(Beginning of Input material)

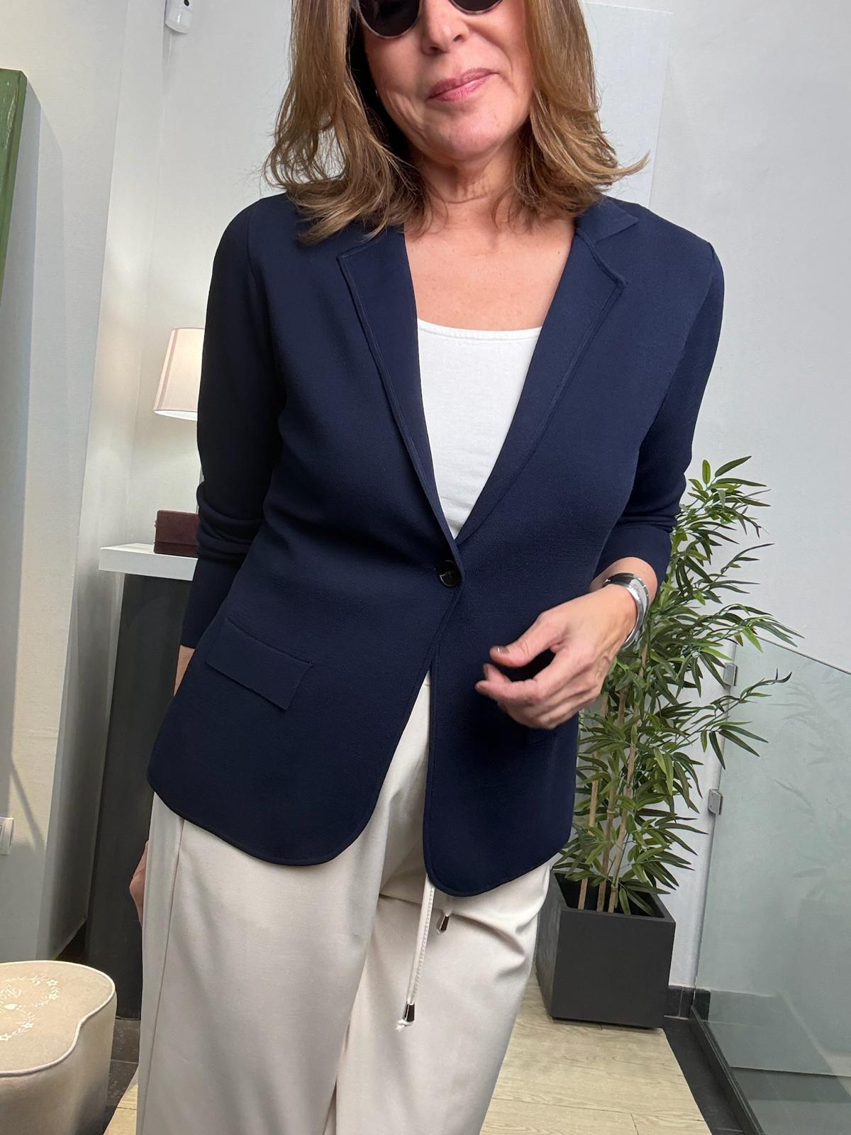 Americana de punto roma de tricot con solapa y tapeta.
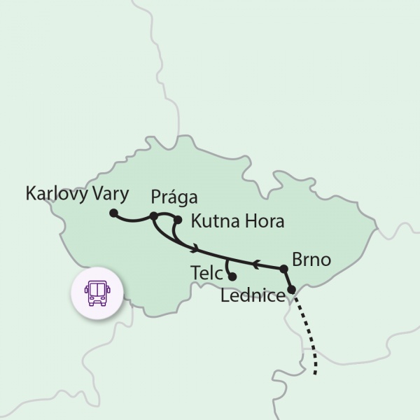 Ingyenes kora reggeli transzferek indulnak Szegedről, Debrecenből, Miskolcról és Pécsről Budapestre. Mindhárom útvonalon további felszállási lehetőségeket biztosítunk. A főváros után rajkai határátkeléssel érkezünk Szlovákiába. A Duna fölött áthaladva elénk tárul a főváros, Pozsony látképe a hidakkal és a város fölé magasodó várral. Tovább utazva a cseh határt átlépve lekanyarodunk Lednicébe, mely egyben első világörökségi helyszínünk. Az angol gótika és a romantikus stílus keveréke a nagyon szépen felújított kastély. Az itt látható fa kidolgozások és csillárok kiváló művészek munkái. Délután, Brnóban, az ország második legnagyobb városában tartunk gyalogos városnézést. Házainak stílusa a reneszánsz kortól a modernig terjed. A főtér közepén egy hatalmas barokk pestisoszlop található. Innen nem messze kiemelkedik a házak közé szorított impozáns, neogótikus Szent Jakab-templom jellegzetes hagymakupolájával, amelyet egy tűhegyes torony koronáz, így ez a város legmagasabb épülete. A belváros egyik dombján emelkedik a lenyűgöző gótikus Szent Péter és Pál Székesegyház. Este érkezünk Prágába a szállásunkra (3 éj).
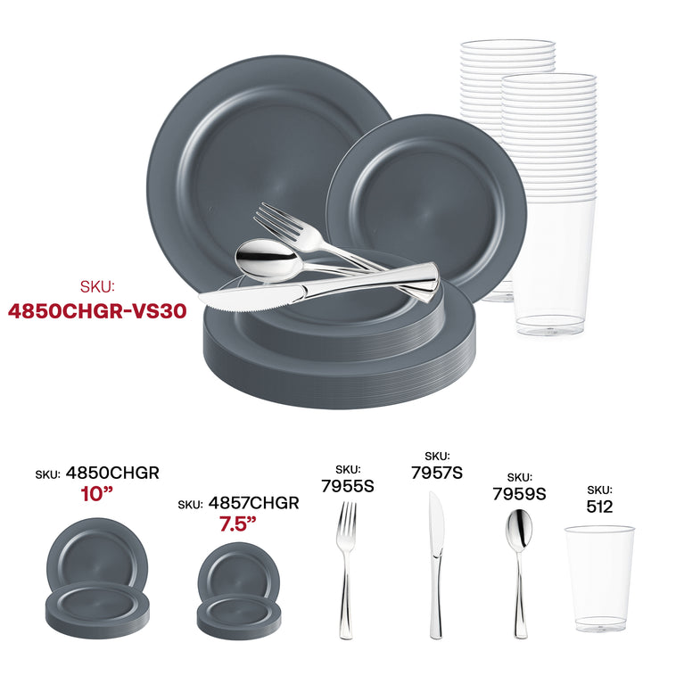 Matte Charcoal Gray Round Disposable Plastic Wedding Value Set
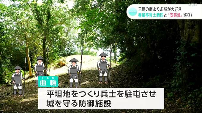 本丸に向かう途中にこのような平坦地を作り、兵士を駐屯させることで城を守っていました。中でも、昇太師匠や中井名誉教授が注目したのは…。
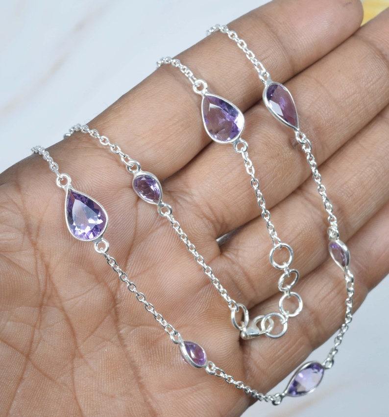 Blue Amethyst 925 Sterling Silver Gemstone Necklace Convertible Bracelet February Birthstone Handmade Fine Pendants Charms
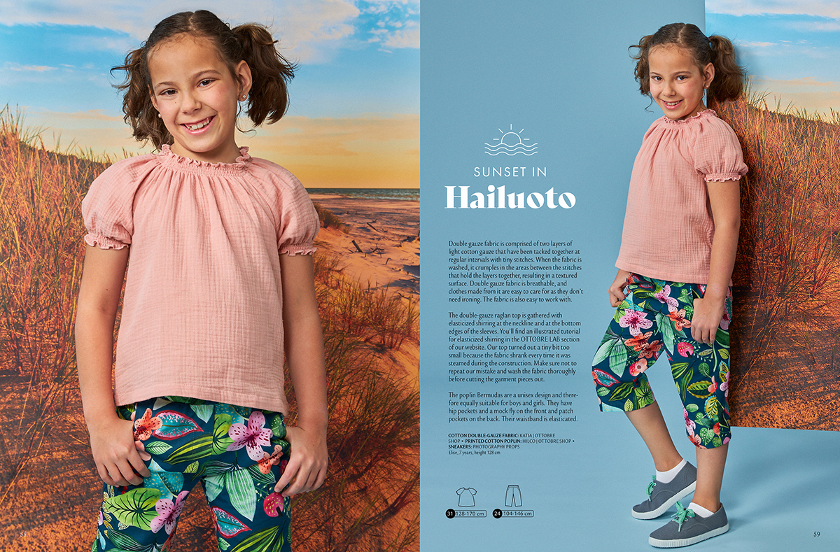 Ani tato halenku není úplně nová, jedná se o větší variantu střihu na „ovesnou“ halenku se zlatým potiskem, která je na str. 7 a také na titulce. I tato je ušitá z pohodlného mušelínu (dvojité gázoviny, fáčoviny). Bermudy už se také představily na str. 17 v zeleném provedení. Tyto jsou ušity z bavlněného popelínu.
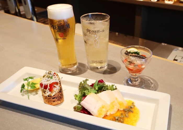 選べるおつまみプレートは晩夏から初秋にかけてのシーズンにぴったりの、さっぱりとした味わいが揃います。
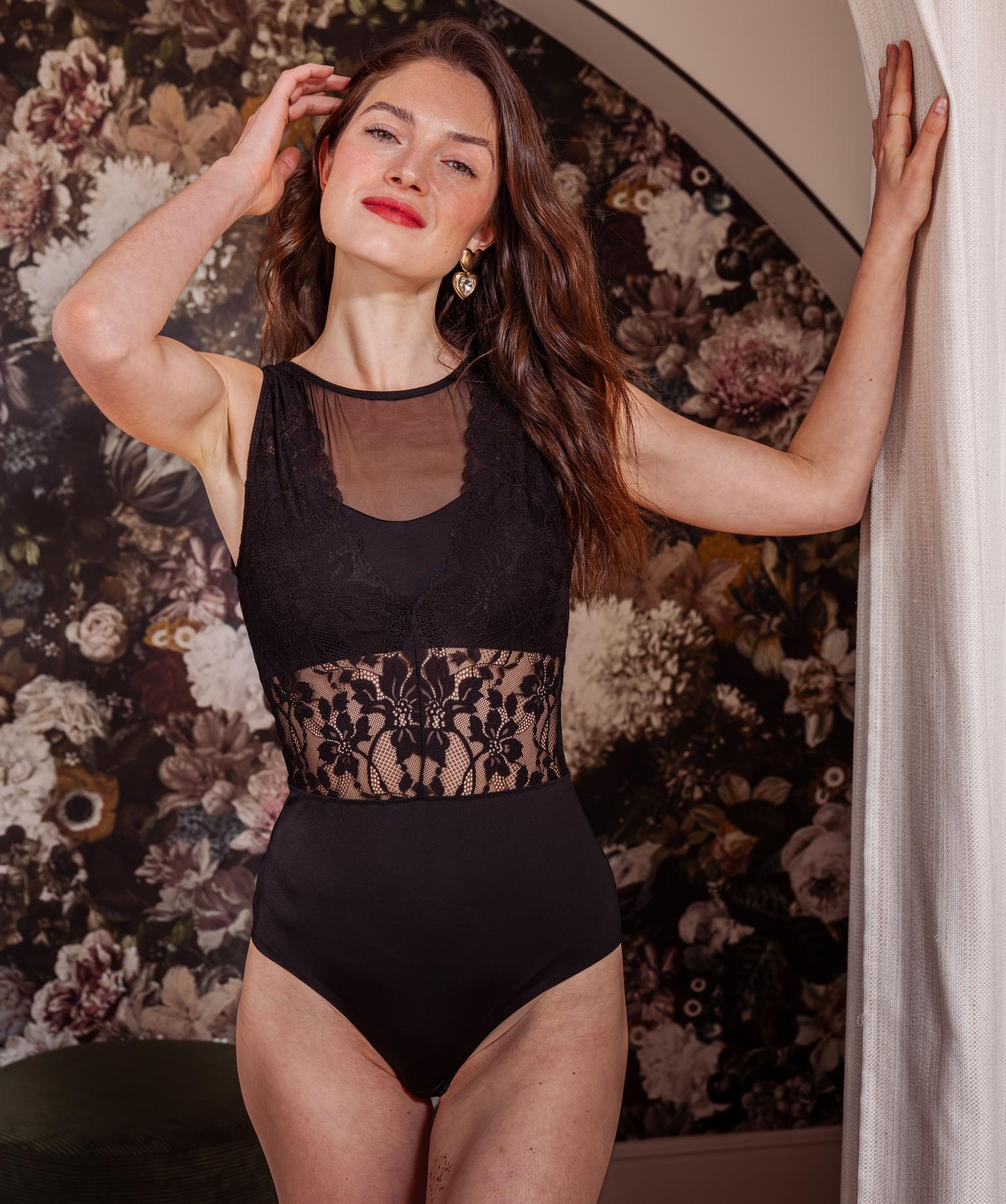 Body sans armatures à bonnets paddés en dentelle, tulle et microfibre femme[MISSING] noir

(End of Input material)

### Exercise prompt
Using the listing above, restate exactly the range between the lines holding "本丸に向かう途中にこのような" and "Ani tato halenku", inclusive, with pictures left out.

### Solved problem
 本丸に向かう途中にこのような平坦地を作り、兵士を駐屯させることで城を守っていました。中でも、昇太師匠や中井名誉教授が注目したのは…。
 Blue Amethyst 925 Sterling Silver Gemstone Necklace Convertible Bracelet February Birthstone Handmade Fine Pendants Charms
 Ani tato halenku není úplně nová, jedná se o větší variantu střihu na „ovesnou“ halenku se zlatým potiskem, která je na str. 7 a také na titulce. I tato je ušitá z pohodlného mušelínu (dvojité gázoviny, fáčoviny). Bermudy už se také představily na str. 17 v zeleném provedení. Tyto jsou ušity z bavlněného popelínu.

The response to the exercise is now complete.